### CS558 Computer Networks, Homework 2

• Question 1

• Give the state transition diagram for the M/M/2 (2 servers with infinite queue size) queueing system (10 pts)

• Give the set of equilibrium equations for the M/M/2 queueing system (10 pts)

• Give an expression the steady state probabilities

 p1 pk, for k ≥ 2

in terms of p0 (10 pts)

• Give an expression for p0 in terms of the arrival rate λ and service rate μ (without a sum of infinite number of terms - work out the summation !!!) (10 pts)

• Give an expression for the average queue length in terms of the arrival rate λ and service rate μ (without a sum of infinite number of terms - work out the summation !!!) (10 pts)

• Question 2: Repair shop

• An office operates 5 high speed printers.

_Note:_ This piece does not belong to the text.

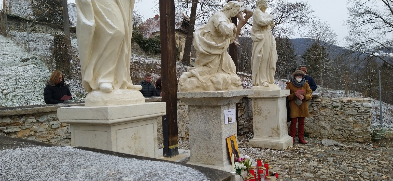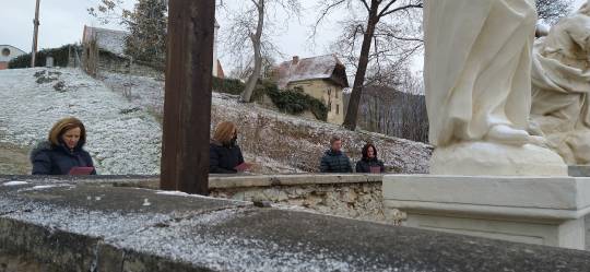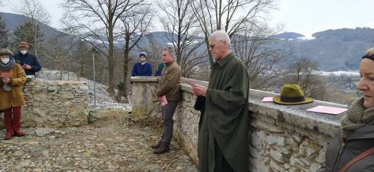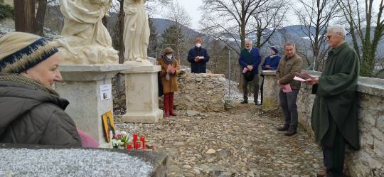 Am 5. Fastensonntag, dem 21. März 2021, gestaltete Dr. Alfred Stampler gemeinsam mit seiner Gattin Ulrike, Mag. Anton Gschier, Gläubigen und Vertreter/innen des Pfarrkirchenrates und des Vereins „Kirchberg Deutschfeistritz – Verein zur Erhaltung und Revitalisierung des Kalvarienberges“ im Bereich der Kreuzigungsgruppe, der 5. Station, die dem Motto „Tatort Kreuz – Täter und Opfer“ gewidmet ist, eine Andacht.

Each printer has a exponentially distributed operational lifetime with an average life time of 1/λ. This will result in a Poission process with rate λ. Printer failures are independent; so the printer "failure rate" when k printers are operational is equal to k × λ

The office has a printer repait shop with one printer repair technician. The technician can repair a printer in an average repair time of 1/μ. This will result in a Poission process with rate μ.

• Questions:

 Give the state transition diagram for this Birth-death process (10 pts) Give the set of equilibrium equations (10 pts) Solve the equilibrium equations ( numerically ) and give the steady state probabilities ( numerical values ) for the case when λ = 1 and μ = 2 (10 pts) Compute (numerically) the average queue length for the case when λ = 1 and μ = 2 (10 pts) Compute (numerically) the average arrival rate of the printers to the repair shop for the case when λ = 1 and μ = 2 (10 pts)